Bank trust: Modern realities and customers behaviours

Anatocistic compound interests, usury, unfair bothersome clauses, antitrust guarantees, forced non-transparent securitization, and unilateral changes to contracts; are just some of the negative events that have influenced the relationship between banks and their depositors or borrowers in recent years. Even financial intermediaries dedicated to asset management have often generated problems of fairness. I do not intend to refer here to return problems that are part of the risks.

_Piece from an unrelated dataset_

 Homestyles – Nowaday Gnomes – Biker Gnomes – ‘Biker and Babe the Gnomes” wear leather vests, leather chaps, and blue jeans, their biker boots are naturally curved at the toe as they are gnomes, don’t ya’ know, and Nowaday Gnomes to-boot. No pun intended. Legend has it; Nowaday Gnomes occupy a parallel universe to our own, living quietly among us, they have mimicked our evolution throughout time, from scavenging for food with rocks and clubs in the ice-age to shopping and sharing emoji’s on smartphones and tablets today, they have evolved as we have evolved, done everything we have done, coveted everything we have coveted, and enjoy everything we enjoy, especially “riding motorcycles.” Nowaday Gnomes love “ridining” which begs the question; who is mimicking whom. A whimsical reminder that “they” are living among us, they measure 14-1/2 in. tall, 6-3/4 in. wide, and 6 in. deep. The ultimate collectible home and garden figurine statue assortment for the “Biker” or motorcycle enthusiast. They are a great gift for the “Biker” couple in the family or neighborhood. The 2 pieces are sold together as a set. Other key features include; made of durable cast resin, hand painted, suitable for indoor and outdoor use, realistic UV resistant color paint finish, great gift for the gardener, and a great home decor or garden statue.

All these are attitudes that identify aspects of a crime punishable by law. This is not the case when, on the other hand, the lack of transparency affects the reputation of intermediaries and is not identified by the rules in force but only by lack of transparency and abuse of the bargaining power of intermediaries. Lately, attention has also shifted to the payment and remuneration system for the distribution of financial instruments and services. A proposal by the EU Commission suggests, without shared consent, to abolish the retrocessions of operators to distributors – as is largely the case, as far as now, in the absence of diffused untied advice – thus transparently distinguishing the distributor’s fee from the asset managers’ remuneration.

It will not be easy to harmonize the playing field, also considering the presence of competitors in the Anglo-Saxon world who have long been oriented towards more rooted solutions. For this reason, the UE choice cannot be only internal, impacting on several tens of trillions of Euro or other currencies. Moreover, among the 15 main asset management manufacturers, 11 originate in the USA, the first European is Swiss and only 3 are internal to the EU – two French and one German. The world of distribution is still conditioned by that of producers, but the latter cannot underestimate the power of the savings supply generated in EU countries. Asset management players produce research, portfolio management, risk management and investment guidance. None of the 12 main non-EU citizens has their own network in the EU but manages agreements with banks and distribution companies or proposes their choices to the attention of brokers.

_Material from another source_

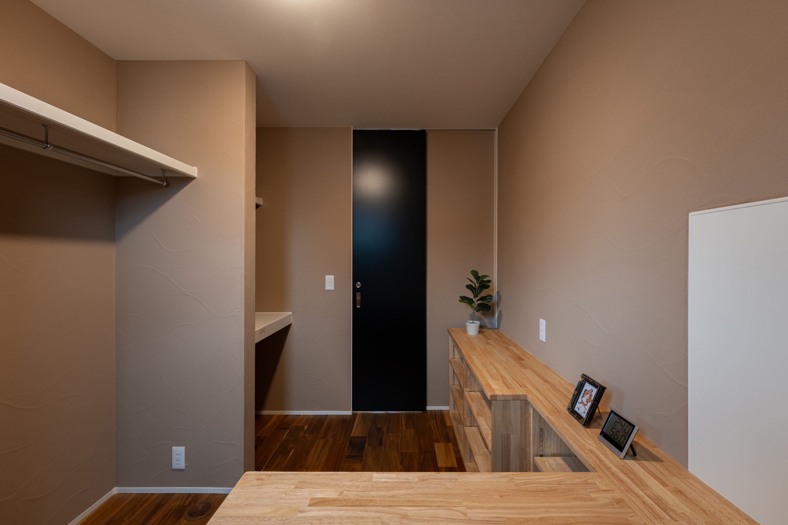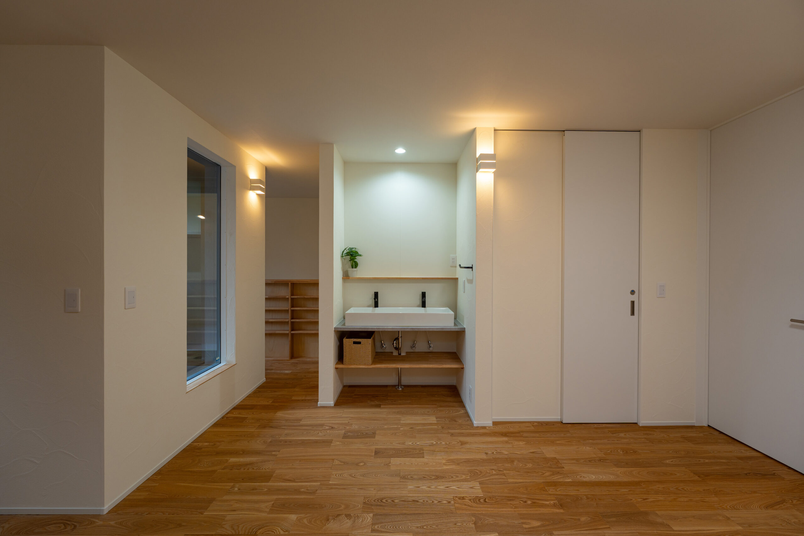 テラスでのBBQを楽しむために設けた造作洗面台、本好きなご家族のための廊下の造作本棚、ご主人のリモートワーク用デスク。家族それぞれの「好き」と「快適」を叶える工夫が詰まっています。

Turning to the specific issue of total costs (ISC), the statistical comparisons confirm higher costs when resulting from production costs spread over low volumes and remuneration for distribution that combine the initial acquisition and maintenance of the portfolio, mostly also linked to the relative operating result. Instead, we examine the problem from the point of view of the customer, the end user of the production chain examined. The commission enhances the commercial moment weighing about 2/3 of the total, while the fee remunerates advice, assistance and the remaining services. Then there is the crucial distinguishing element: the commission is top-down, from the producer to the network, while the fee is bottom-up, from the customer to the network. Elements are clear but not so well perceived by the end user, who seems to pay for the product, the cost of which includes the retrocession hidden from the distributor.

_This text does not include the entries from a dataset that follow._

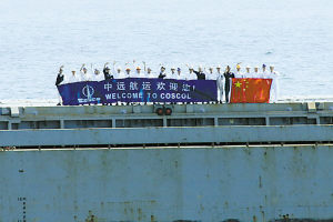 下午2點(diǎn)30分許,兩艘脫離危險(xiǎn)的中國商船與“武漢”艦在亞丁灣某海域會合。此后,他們將在“武漢”艦的伴隨護(hù)航下,安全駛向下一個目的地港口。經(jīng)歷了凌晨的驚心動魄,在茫茫無垠的大海上見到自己祖國的軍艦,兩艘商船上的船員再也掩飾不住興奮和喜悅!吧徎ê!碧柎瑔T放起了鞭炮,“樂民”號船員高舉鮮紅的五星紅旗,并打出了“中遠(yuǎn)航運(yùn)歡迎您!”表達(dá)他們對祖國海軍的真摯謝意。(田源 錢曉虎)
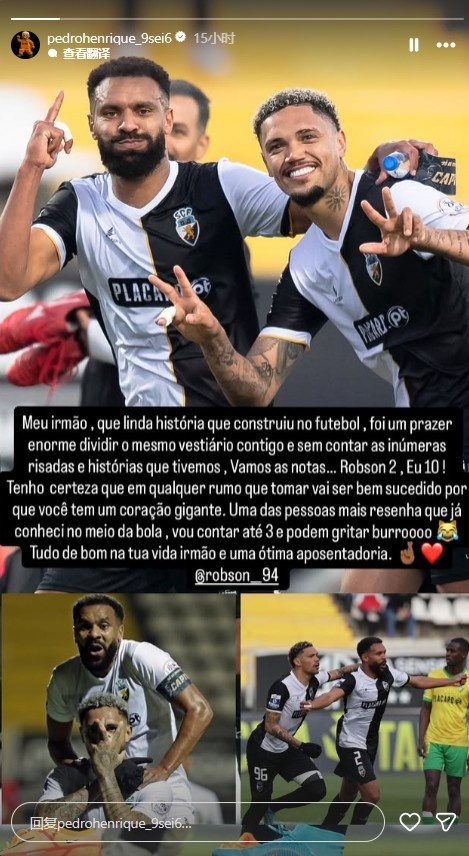 10月21日讯 在大连英博为罗伯森举办退役典礼后,曾与罗伯森共同在法伦斯竞技的云南玉昆外助佩德罗-恩里克,通过社媒向罗伯森奉上了祝愿。
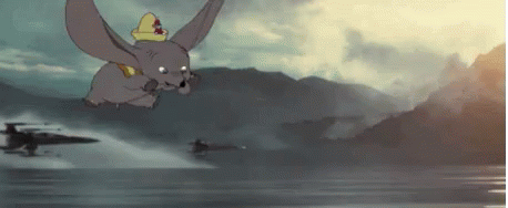 Dumbo the elephant flies alongside Star Wars X-wing fighters over a body of water in an animated scene.

MiFID II has tried to separate in the reporting phase the two factors, but after five years, it must be recognized that it is difficult to be applied and understand for the client. It is useful to add that several non-convergent sources question possible savings with the new system or the opposite effect, having to pay the advice and then the commission at a separate time of purchase of the product.

From a behavioural point of view of the customer, we must also consider the reluctance towards the duplication of the moment of manifestation of costs, even in the face of the low average financial education of the customer. On the other hand, many purchases in our lives do not allow us to distinguish the cost of the product, that of distribution and that of assistance. In the most modern realities, the digital ones, often the product is free or low-cost and the necessary or mandatory service is instead more expensive, the opposite of what is perceived in the case of savings.

Customers ask for a transparent, upstream standard that distinguishes the facets that enhance the potential of the sector not yet expressed because unknown. Of course, each customer can improve his knowledge on his own.